PostgreSQL Test Data: What Actually Works in Practice
By the Seedfast team ·
Key Takeaways#
generate_series()is the fastest path for simple numeric-heavy test data, but it can't satisfy FK constraints across tables without manual orchestration- Copying production data is the easiest way to get realistic data and the fastest way to create a compliance incident
- Faker-based scripts give you control but become a maintenance burden the moment your schema has more than a handful of tables with relationships
- The FK constraint problem is the one that kills every hand-rolled test data approach at scale — insert order matters, circular dependencies break everything, and nothing enforces it for you
- If your schema changes regularly, any script you write is already becoming stale
There's a specific kind of afternoon every PostgreSQL developer has had at least once.
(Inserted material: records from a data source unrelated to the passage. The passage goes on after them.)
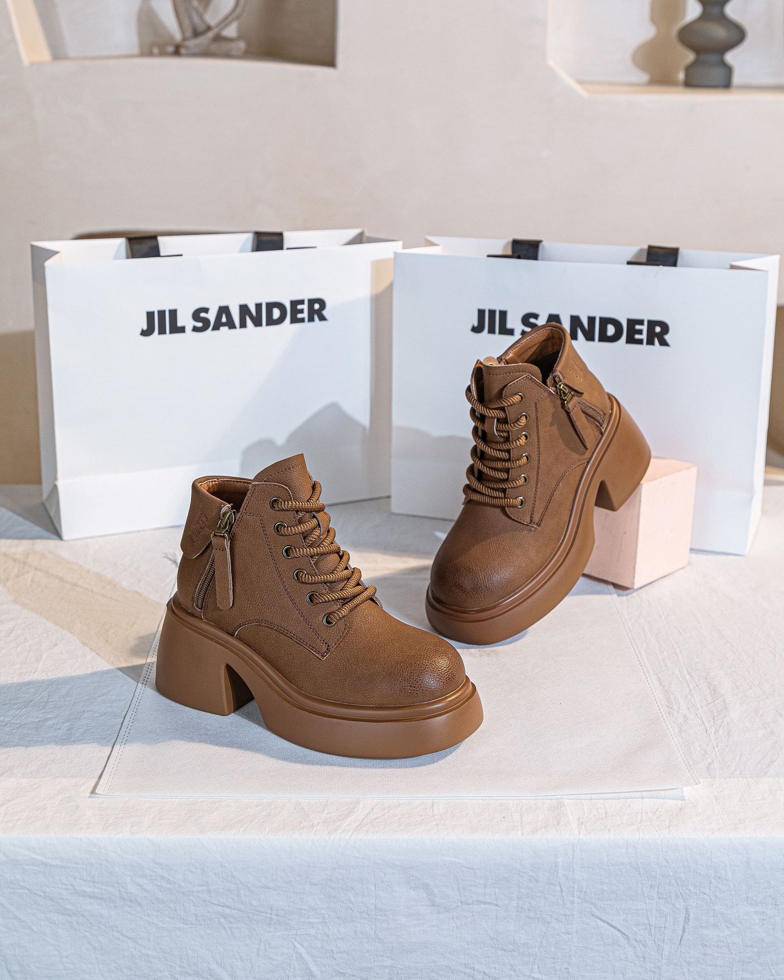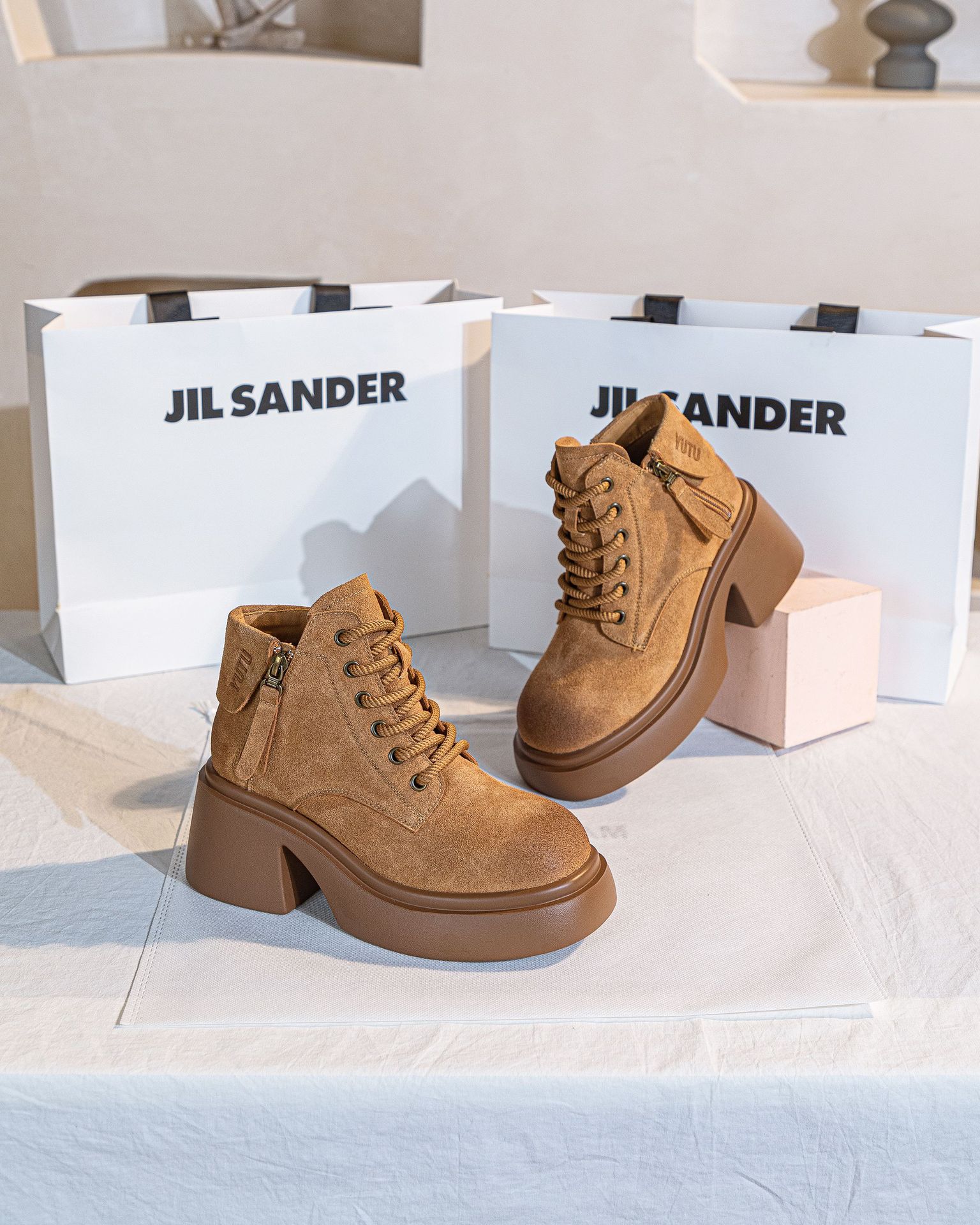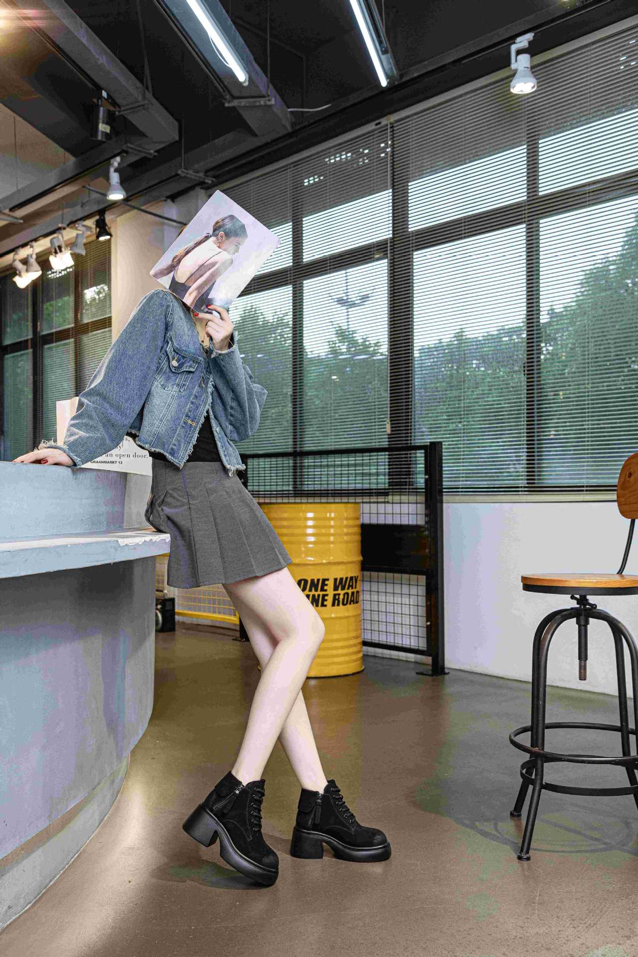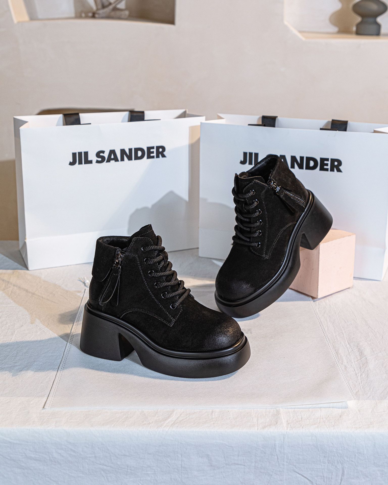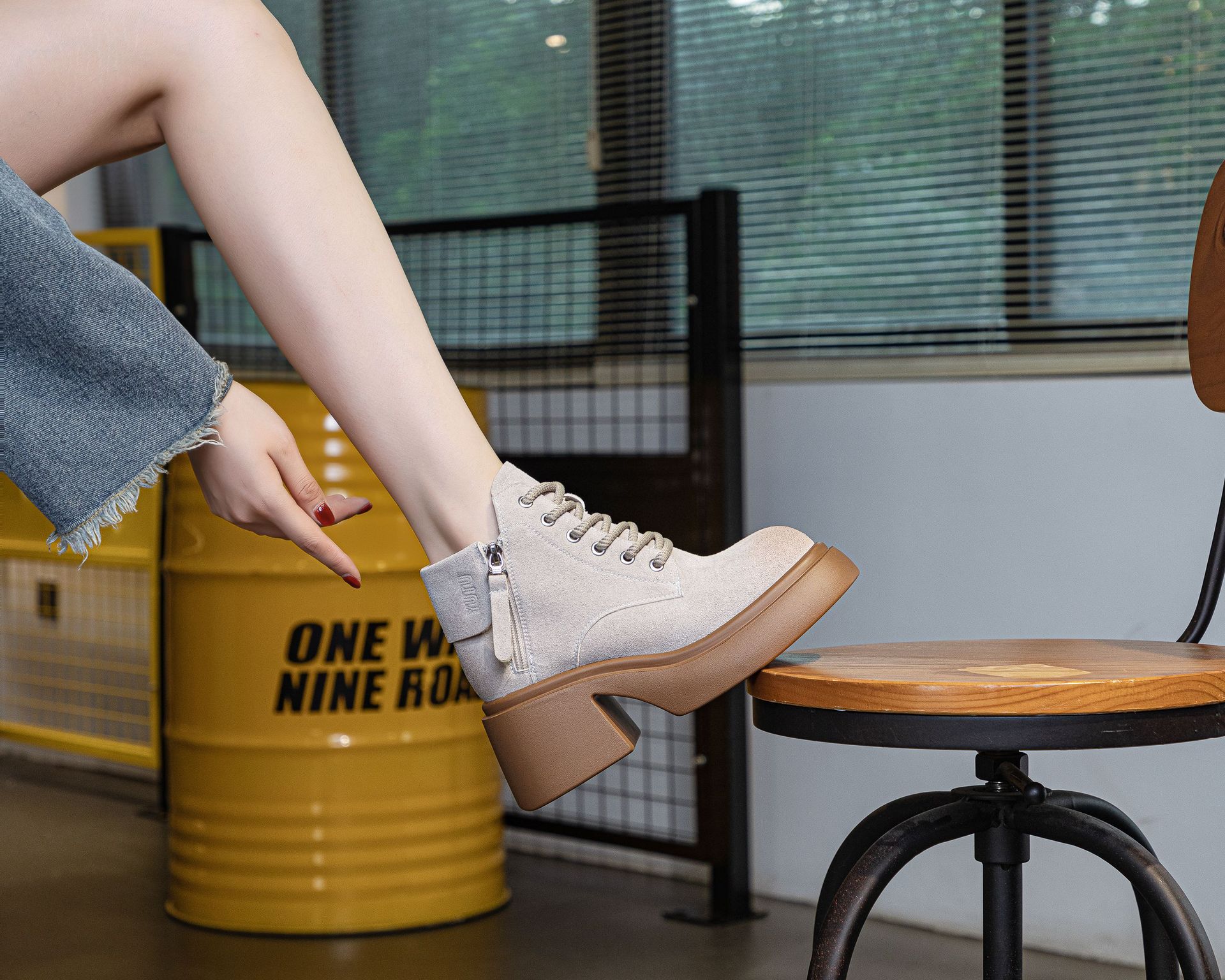 6928 재고 2024 가을 새로운 영국 마틴 부츠 여자 짧은 배럴 하이힐 부츠 올매치 두꺼운 밑창 여성 신발 싱글 레이어 부츠스토어 가기
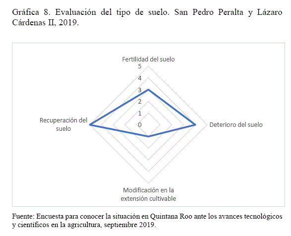 En cuanto al tipo de suelo, los productores de estas comunidades consideran que la fertilidad de sus suelos no es un factor desfavorable para sus cultivos, aunque esta variable obtuvo la más baja evaluación de la dimensión. De la misma manera, consideran que el ritmo de deterioro que este mismo ha tenido en los años más recientes es bajo, a pesar de que el suelo que predomina en el estado de Quintana Roo no es muy apto para la práctica de la agricultura.
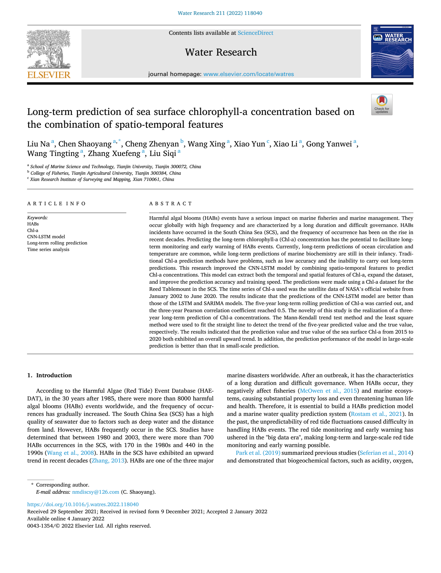 日前,国产自拍 师生在海洋环境要素长期预测方向取得重要研究成果,通过改进一种结合时空特征的CNN-LSTM深度学习模型预测chlor_a(叶绿素a)的浓度变化,解决了传统的chlor_a预测方法精度低、不能长期预测等问题,能够为有害藻华事件的长期监测和预警提供技术支撑,体现了海洋管理与海洋技术的深度学科融合。该研究成果以论文形式发表于自然指数统计源期刊Water Research(影响因子11.236),题为:Long-term prediction of sea surface chlorophyll-a concentration based on the combination of spatio-temporal features。国产自拍 硕士研究生刘娜为论文的第一作者,陈韶阳副教授为通讯作者。
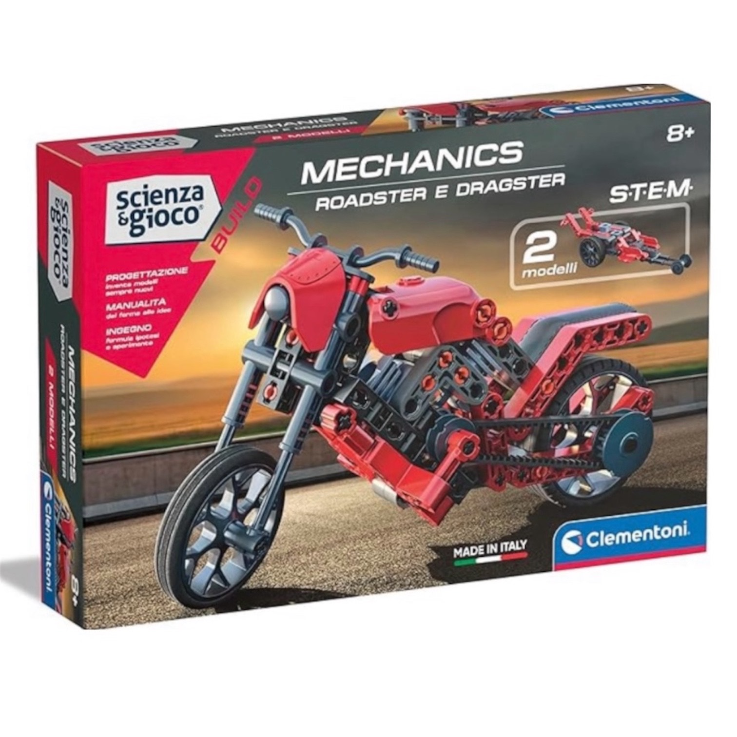 LABORATORIO ROADSTER E DRAGSTER, un set di costruzioni che permette ai bambini di esplorare i principi della meccanica costruendo modellini di auto da corsa, stimolando la loro creatività, logica e abilità manuali in modo divertente e coinvolgente. Questo kit include oltre 130 componenti per costruire un roadster e un dragster.
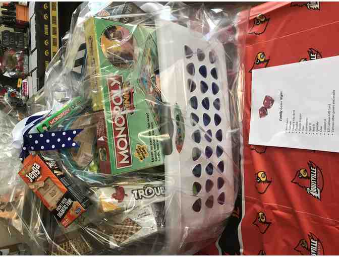 Basket filled with items for great Family Game Night fun!

You're writing a query, or testing a new index, or trying to reproduce a performance issue that only shows up with real data volumes. Your development database has three users and one order. Production has 4 million rows across 60 tables, with realistic distributions and edge cases baked in over years of actual use.
You need test data. The question is how much you want to invest in getting it.
Here's what the options actually look like in practice.
generate_series() — fast, limited, good for the right job#
Every PostgreSQL developer reaches for generate_series() first, and usually rightly so:
INSERT INTO users (email, created_at)
SELECT
'user' || n || '@example.com',
NOW() - (random() * interval '365 days')
FROM generate_series(1, 100000) AS n;
Ten seconds. A hundred thousand users. No dependencies, no setup, runs anywhere you have psql access.
This works remarkably well when the problem is simple: you need volume in a single table, the data doesn't need to look realistic, and you're not testing anything that depends on how the data actually relates to other tables. Performance benchmarks, index tuning, capacity planning — this is where generate_series() earns its keep.
Where it breaks down is FK constraints. The moment you have an orders table that references users, and order_items that reference both orders and products, you're orchestrating insert order by hand. Add a nullable FK, a circular reference between two tables, or a schema migration that introduces a new required column, and the script needs updating.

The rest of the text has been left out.